Today is one of the final “over the head” clothing days for a while. I’m not bringing too many of these to Atlanta with us (mainly zip up pjs), so we wanted to post another picture—this time in her new Estes Park t-shirt that Aunt Erin sent her. Can you tell she’s happy in the shirt? I think it’s because she knows she’ll get to go horseback riding in Estes Park one day. And because she knows she’s pretty in pink.


Friday, August 24, 2007
A Father's Thoughts

Nearly every night before Salem goes to bed we head to her nursery, pull out the guitar, and sing a few songs. This seems to be the highlight of Salem's (and our!) day, as she loves to grab and bang daddy's guitar (and laugh at him) while he fumbles through the couple of chords he knows. Mommy sings in her heavenly voice, which Salem loves, and I get to enjoy it all. One of our favorite songs to sing is "On Jordan's Stormy Banks" – a wonderful hymn about our joyful and sorrowful journey toward the new heavens and new earth which our Lord will one day bring in full force. As the song celebrates the good and gracious reign that will be consummated by the Father, Son, and Holy Spirit, the third stanza sings:

No chilling wind nor poisonous breath
Can reach that healthful shore;
Sickness, sorrow, pain, and death,
Are felt and feared no more.

With Salem facing this intense surgery, and more, a life already full of sorrow and suffering, we are ever more aware that things aren't the way they're supposed to be – that indeed, "sickness, sorrow, pain, and death" are felt and feared every day. Our God created this world "very good," he tells us in Genesis 1.31. But the deep shalom for which God made us and our world has been vandalized by sin, death, and brokenness. And that vandalization touches every corner of His good creation, including the life of our beautiful Salem. And though countless others suffer many times more deeply than we do in this ordeal, our hearts break for her and we long ever more for the day when our King will make all things new (Isaiah 43.19). And we are not without hope. Mark opens his Gospel by saying:

"The beginning of the gospel of Jesus Christ, the Son of God. It is written in the prophet Isaiah: ' I will send my messenger ahead of you, who will prepare your way – a voice of one calling in the desert, 'Prepare the way for the Lord, make straight paths for him'" (Mark.1.1-3)

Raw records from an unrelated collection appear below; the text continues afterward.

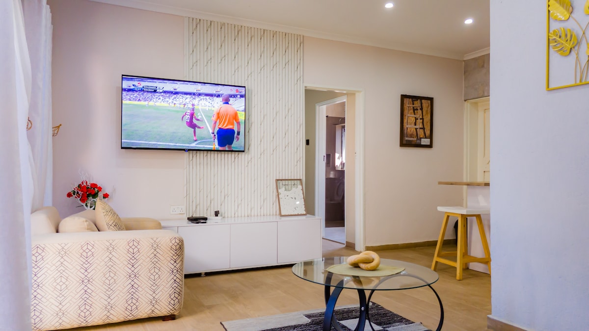 Appartement privé spacieux avec alimentation solaire + générateur 24h/24 et 7j/7, Wi-Fi rapide et télévision par satellite. À seulement 5 minutes à pied des cafés, des restaurants et du centre commercial. Profitez de la piscine, du service de blanchisserie et du confort de votre propre appartement sécurisé avec un capteur de mouvement tout autour.
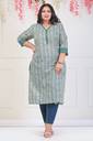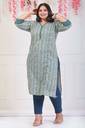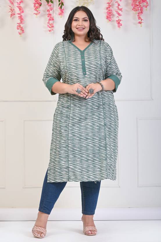 The Swasti Plus Size Women's Straight Beautiful Floral Print Cotton Kurta is a stunning garment designed for style and comfort. Made from high-quality cotton fabric, it is tailored to suit the needs of plus-size women. The kurta features a straight silhouette that flatters the body shape and offers a relaxed fit. Adorned with a vibrant floral print, it adds a touch of femininity and elegance to any outfit. The soft and breathable cotton material ensures all-day comfort, making it perfect for casual or semi-formal occasions. With its beautiful design and inclusive sizing, this kurta is a must-have addition to any plus-size woman's wardrobe.
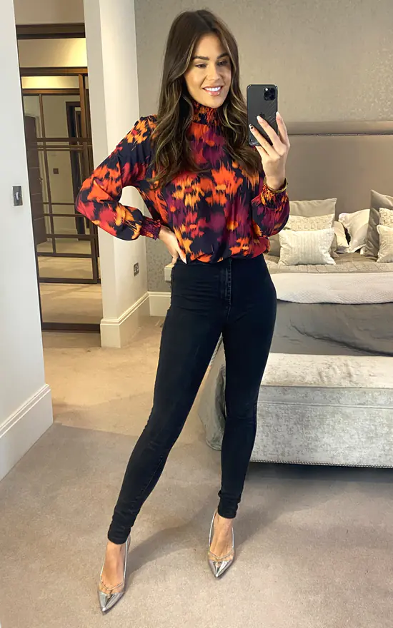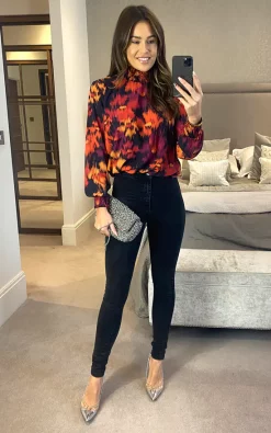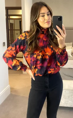 High Neck Oversize Top with Long Sleeves in Stylish Floral Print. Has elastic neck line, cuffs and hem.
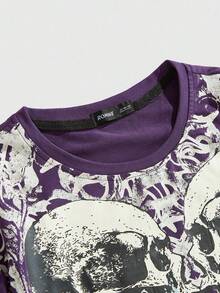 Grunge Punk Men's Fashionable Skull Print Short Sleeve T-Shirt, Summer
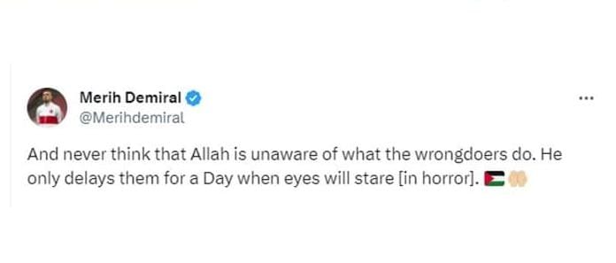 وكتب ميريح ديميرال لاعب أهلي جدة والمنتخب التركي: "ولا تحسبن الله غافلا عما يعمل الظالمون. إنما يؤخرهم ليوم تشخص فيه الأبصار".
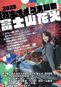 EVENT イベント・出展情報の一覧です。 2026年1月4日 カナイメグ 忘年会イベント開催のお知らせ 2025年3月9日 カナイメグ生誕祭2025【富士山花火 VS スピードウェイ 2025 】 2025年1月17日 カナイのリアル二次会ちゃん〜モータリスト日本酒会〜 2024年10月2日 【11/9】カナイのランチちゃん@バイカーズパラダイス南箱根 2024年4月24日 【ENCOUNTER】カナイメグ写真展絶賛開催中!

Mark uses the word "gospel" to describe the coming of Jesus – a word drawn from the prophet Isaiah, who says that the "gospel" is nothing less than the return of Yahweh, Israel's covenant God, to his people to inaugurate the restoration of all things, to bring forth his salvation, and to make all things new (see Isaiah 40-55, and 52.7, 61.1 especially for "gospel" in Isaiah). And that, says Mark, is what Jesus has done and who Jesus is – he is Yahweh come in the flesh, made a man that he might inaugurate the restoration of all things, and this he has done through his life, death, and resurrection. Indeed, by his resurrection, he has defeated sin, death, and brokenness, and so gives us a sure hope by His Spirit, that he has begun the work of renewal in his first coming, continues it now as He reigns at the Father's right side, and will complete it when He returns.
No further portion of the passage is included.